With the help from Sersi, I eventually told them what I did to protect him. I risked my life for the ten year old boy, not knowing if I was going to die with him in the moment. And luckily, they were somehow grateful for me as they still are, which made me feel a little bit better.

As of right, they're given the time to mourn about their son in peace, just like the whole village is as quiet you can hear a pin drop and wake up the animals who are living in the night. It feels different than it supposed to be. 

But just like Thomas' parents, the whole village needs to recover from this attack, as the Deviants are certainly gone. However, the remaining villagers are trying to seek refuge among others, as almost the whole village is destroyed because of this attack, as they're longing to go back to their rebuild homes.

It feels like once a quiet peaceful place, has gone into madness the villagers weren't even the cause of it.
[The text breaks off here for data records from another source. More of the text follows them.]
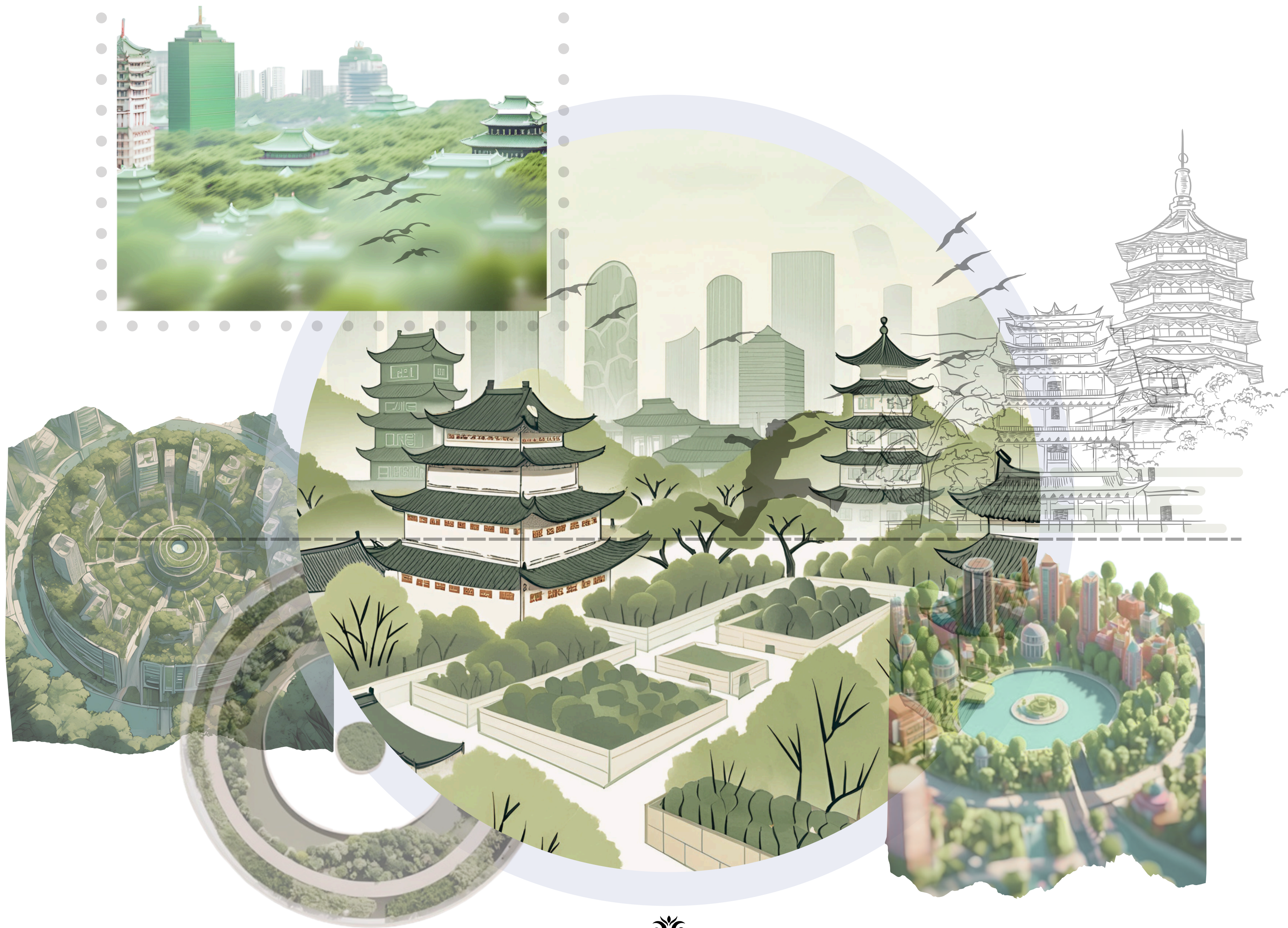
Ciudad de la Vida: Pekín, Naturaleza y Progreso en Armonía
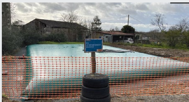
Défense incendie de Puymorillon, après travaux

À Puymorillon, mise en place d'une « citerne souple » de défense incendie en lieu et place de l'ancienne réserve ouverte.
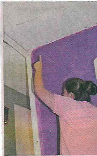
■ Habitantes del edificio temen por los daños y los sismos.
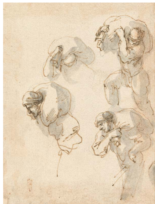
> Abb. 13 Vier Studien von Sackträgern. Feder in Braun, zartgrau laviert. Inv.-Nr. 1967-165
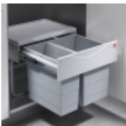
D´Ñ·D´D²D, D¶D½D°Ñ·Dµ D¼ÑfÑ•D¾Ñ€D½D°Ñ·Dµ D²DµD´Ñ€D° Hailo Tandem Space Saving 3644-70 13 932 Ñ€ÑfD±

D´Ñ·D´D²D, D¶D½D°Ñ• D¼ÑfÑ•D¾Ñ€D½D°Ñ• Ñ•D, Ñ•Ñ, DµD¼D° D² Ñ€D°Ñ·D¿D½D¾D¹ Ñ´D°D°Ñ,, D¿D¾D´ D¼D¾D¹D°Ñf Ñ• 2 - D¼Ñ• D²DµD´Ñ€D°D¼D, D¿D¾ 18 D»D, Ñ, Ñ€D¾D² D´D»Ñ• ÑfÑ•Ñ, D°D½D¾D²D°D, D¿D¾D´ D¼D¾D¹D°Ñf D² Ñ´D°D°Ñ,, Ñ·D, Ñ€D, D½D¾D¹ D¾Ñ, 400D¼D¼ D´D»ÑfD±D, D½D° â€” 475 D¼D¼, D° D²Ñ·Ñ•D¾Ñ, D° â€” 336D¼D¼. [DŸD¾D´Ñ€D¾D±D½DµDµ...]

And that's not just the only thing that happened.

Unfortunately both of my questions were answered when I woke up, as Sersi told me the fierce Gilgamesh, the strongest Eternal, didn't survive the attack of the Deviants. It somehow still aches my heart also, even tho I didn't knew him very well, but I know how it's like to lose someone you really love.

And you can tell the Eternals are somewhat divided with the death of now two Eternals, wondering if more will fall with them, even tho they all need to work together now more than ever. 

It was the reason why Thena isn't here right now, and when I woke up the first time in the conference cabin. The two had a special bond they kept when the Eternals split up, as Thena was more than special to him, just like Gilgamesh was to her; it means she deserves the most time to mourn her friend.